[[ Dataset open ]]
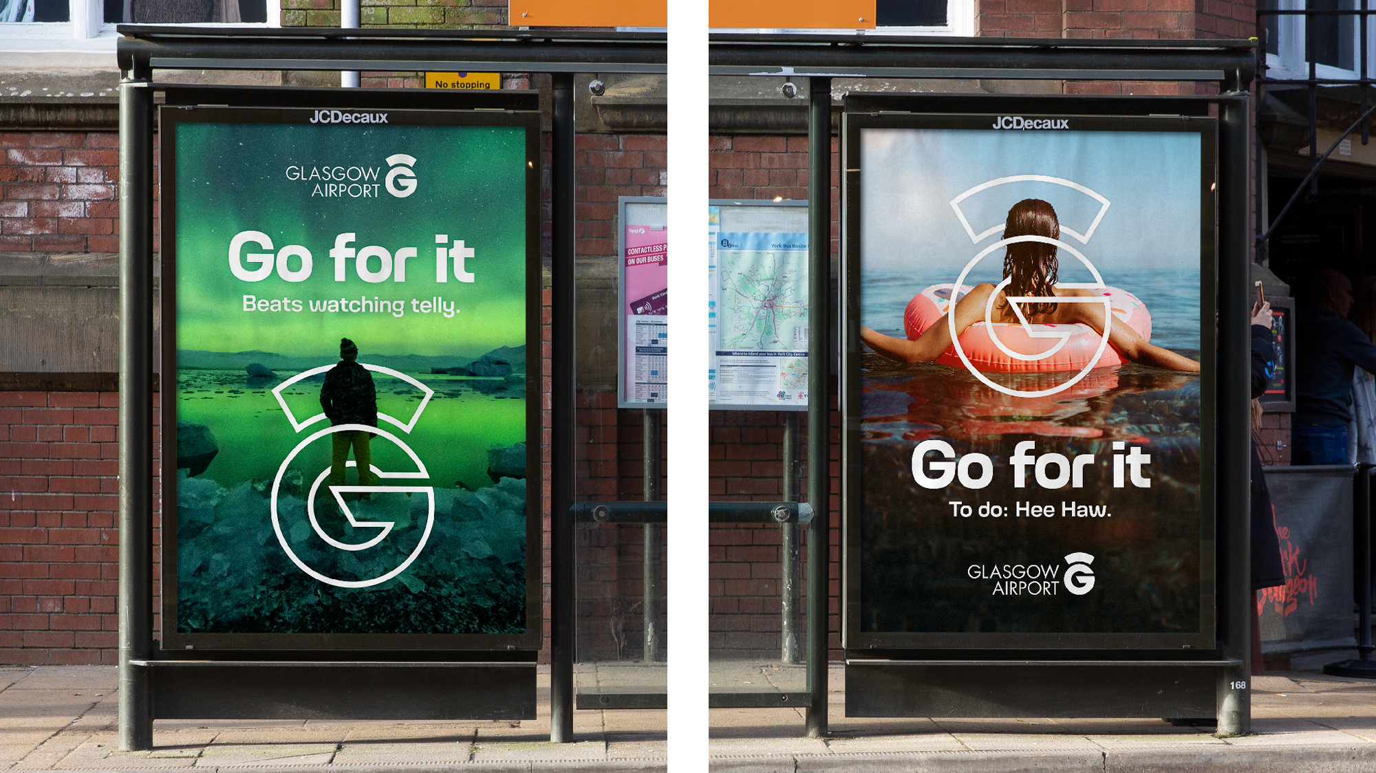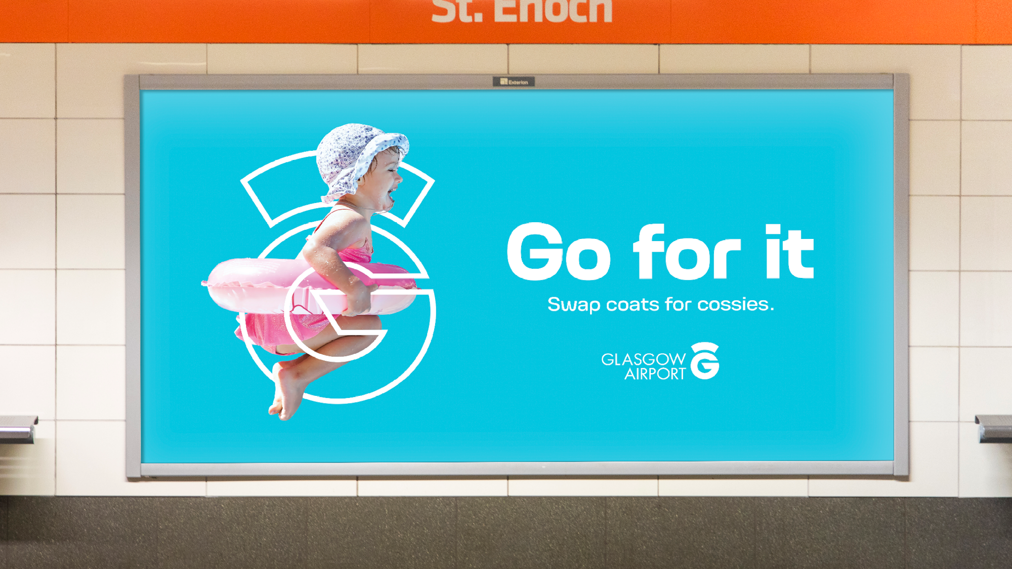 We took the airport’s iconic and much loved ‘G’ mark and turned it into a portal - one that showcased all the amazing places the airport could take you to. We coupled this with a new strapline “Go for it”, a very glaswegian turn of phrase, which pushed holidaymakers to take the plunge, businesses to take off and staff to go all out in delivering the best possible airport experience.
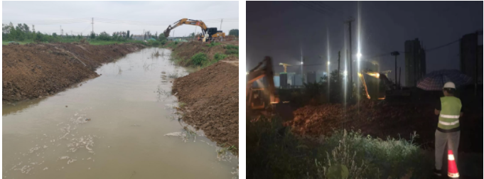 27日晚,集團工程二部組織各全詢單位現(xiàn)場管理人員56人,濟南金曰公路工程有限公司應(yīng)急工人180人,大型挖掘機40臺,待命挖掘機30臺,破碎錘8臺,渡船13艘,防汛物資車5輛按時到位,直至29日凌晨,經(jīng)過連續(xù)兩晚奮戰(zhàn),已將河道斷面內(nèi)侵萎縮、邊坡坍塌、河槽淤積、水面漂浮物、規(guī)劃道路堵塞現(xiàn)狀河道等多處險情一一排除,完成沿線全部堵點清淤疏浚任務(wù)。
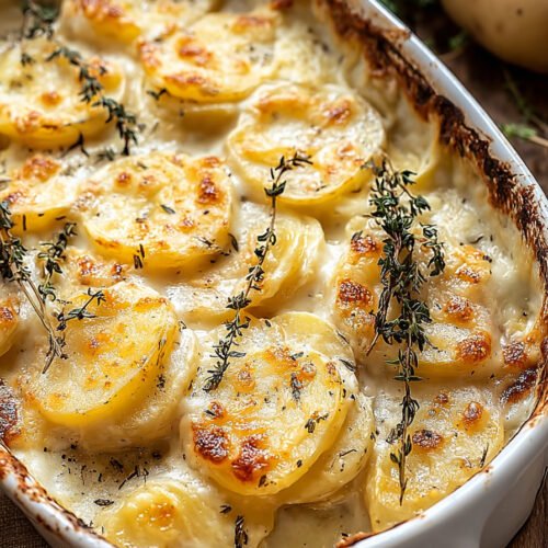 This meal feels friendly. The plan follows a short path with sliced potatoes a small pot with milk and cream and a handful of sharp cheddar. The sauce turns smooth and holds the slices in neat stacks. My kids once called it creamy potato casserole and the name stuck. I laughed and kept it. That small joke still makes me reach for this pan on tough days.
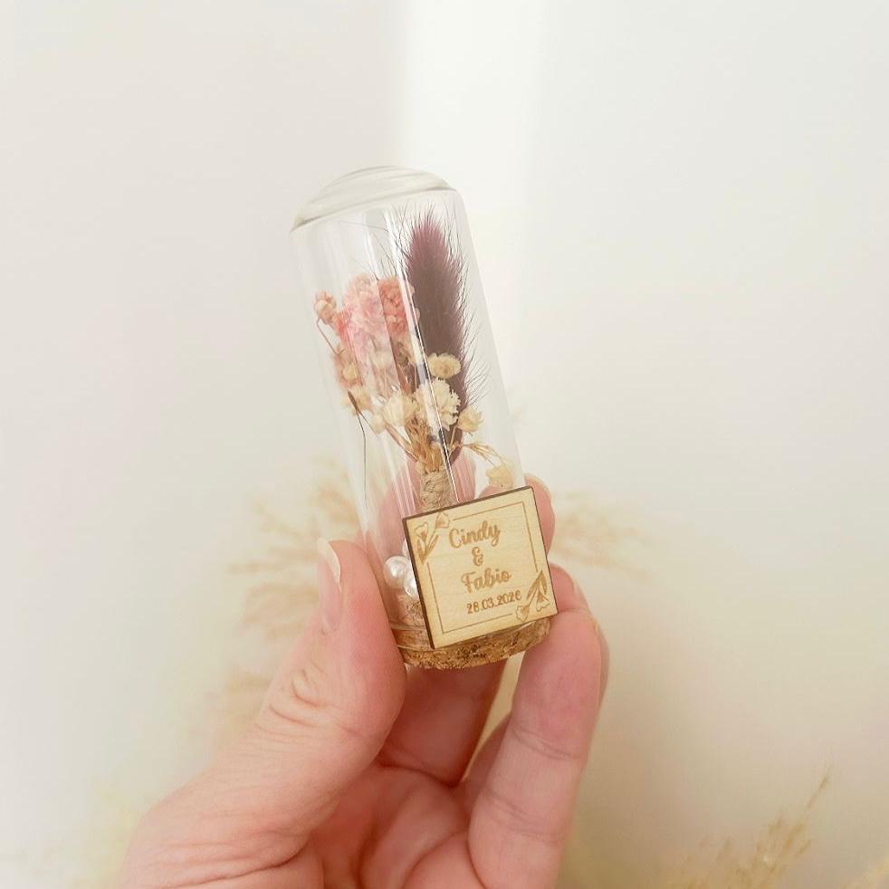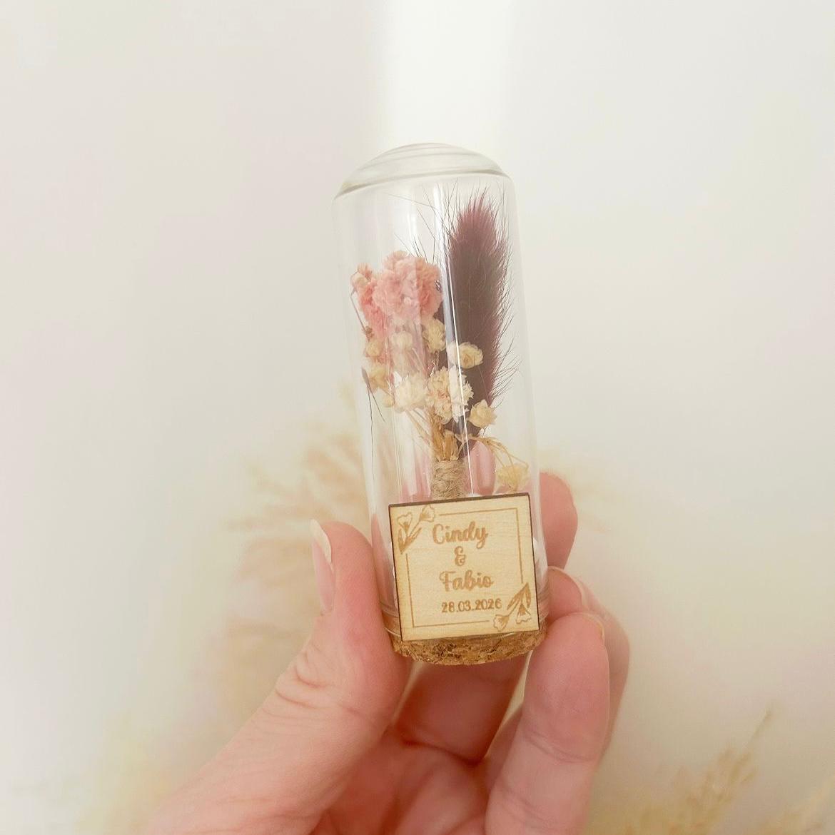 - Contenant en cloche de verre, pour une présentation élégante et délicate.
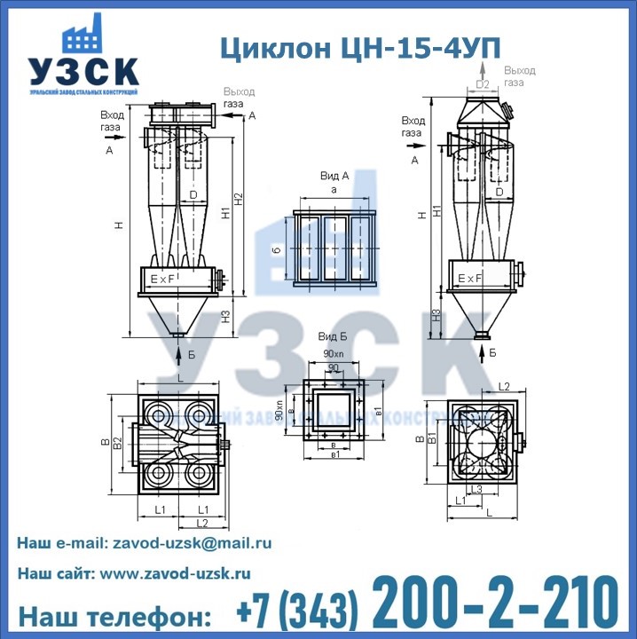 Завод «УЗСК» в Чебоксарах предлагает большой выбор циклонов ЦН-15-600×4УП и прочих устройств, полностью укомплектованных и готовых к эксплуатации. Мы гарантируем соответствие оборудования всем требованиям ГОСТ и ТУ, износостойкость и высокую производительность предлагаемого оборудования. Уральский Завод Стальных Конструкций изготавливает и продает надежное, эффективное и производительное оборудование, имеющее длительную гарантию и большой эксплуатационный ресурс. Если требуется изготовить циклон нестандартных размеров, то такой вариант выполнения заказа тоже предусмотрен, так как предприятие имеет собственные производственные площади и надежных поставщиков. На все поставляемое или производимое оборудование имеются чертежи и прочая техническая документация. Заказать и купить циклоны или прочее оборудование высокого качества и по доступной цене можно через наш сайт или по указанному в разделе «Контакты» телефону.
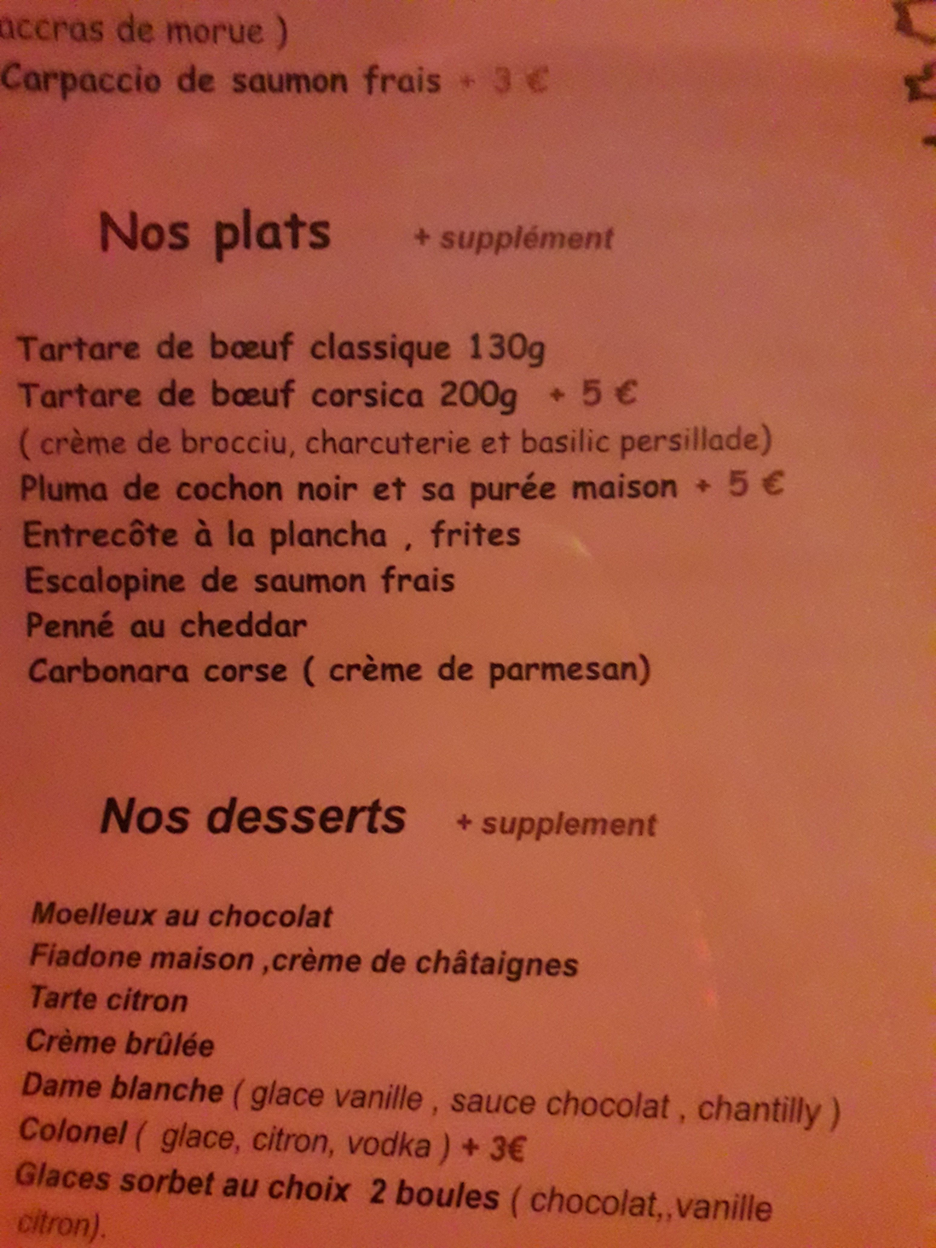 Très bonne soirée, le service est rapide et le rapport qualité prix est correct. Bien placé sur le port pour ce promener, propose viandes, mer et spécialités corses. On a passé un bon moment, on vous le conseil sans hésitations.
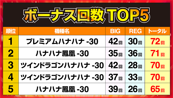 4機種中3機種がTOP5に入っており、ハナハナシリーズ全体が盛り上がっていたこともうかがえるランキングとなった。
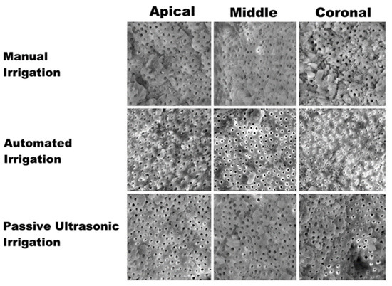 - Niu, W.; Yoshioka, T.; Kobayashi, C.; Suda, H. A scanning electron microscopic study of dentinal erosion by final irrigation with EDTA and NaOCl solutions. Int. Endod. J. 2002, 35, 934–939. [Google Scholar] [CrossRef]
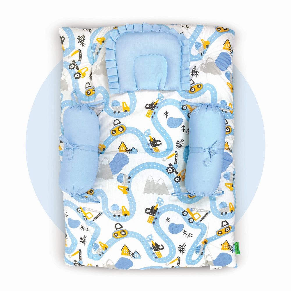 Nuluv Cotton 4 pcs Gadda Set - Transport with 100% Cotton 180 TC and antimicrobial & Hypoallergenic Filling, Cotton Bed,2 side round Pillow,1 Head Pillow,
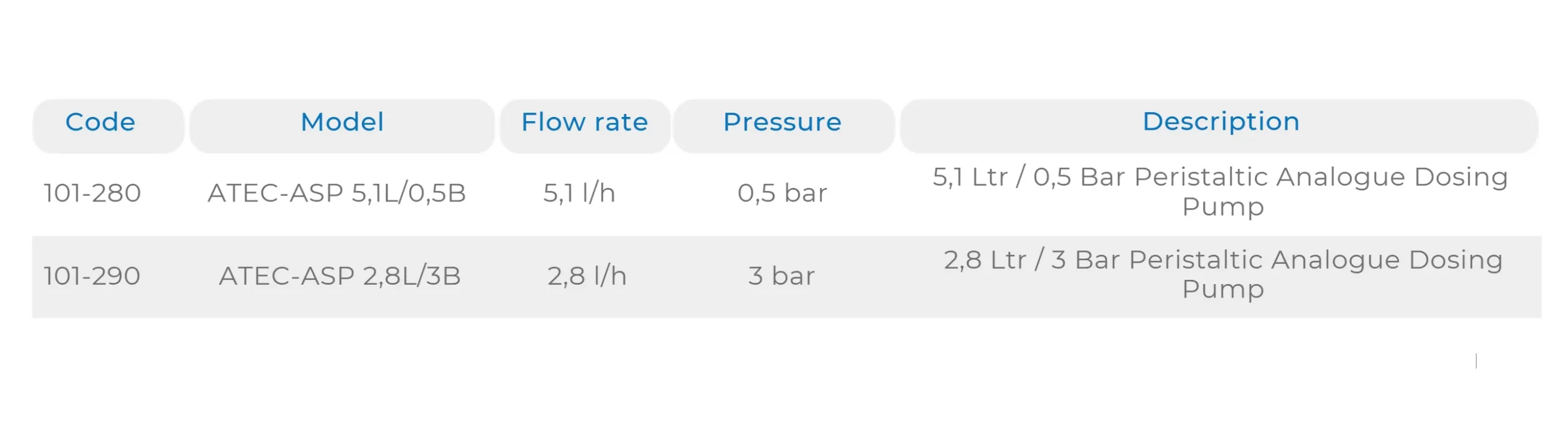 Adjustable Flow Rate Rapid Button PP- IP 65 Chemical Resistant Body On-Off Button Long-lasting roller system Chemical Discharge Tip ph-Chlorine dosing Detergent dosing Rinsing aid dosing Easy mount and dismount via back lid slider
[[ Dataset closed ]]
- Task goal: Reproduce the records above exactly, but only from the line containing "- Niu, W.; Yoshioka, T.;" through the last line, both included, and without any pictures.

- Exercise result:
 - Niu, W.; Yoshioka, T.; Kobayashi, C.; Suda, H. A scanning electron microscopic study of dentinal erosion by final irrigation with EDTA and NaOCl solutions. Int. Endod. J. 2002, 35, 934–939. [Google Scholar] [CrossRef]
 Nuluv Cotton 4 pcs Gadda Set - Transport with 100% Cotton 180 TC and antimicrobial & Hypoallergenic Filling, Cotton Bed,2 side round Pillow,1 Head Pillow,
 Adjustable Flow Rate Rapid Button PP- IP 65 Chemical Resistant Body On-Off Button Long-lasting roller system Chemical Discharge Tip ph-Chlorine dosing Detergent dosing Rinsing aid dosing Easy mount and dismount via back lid slider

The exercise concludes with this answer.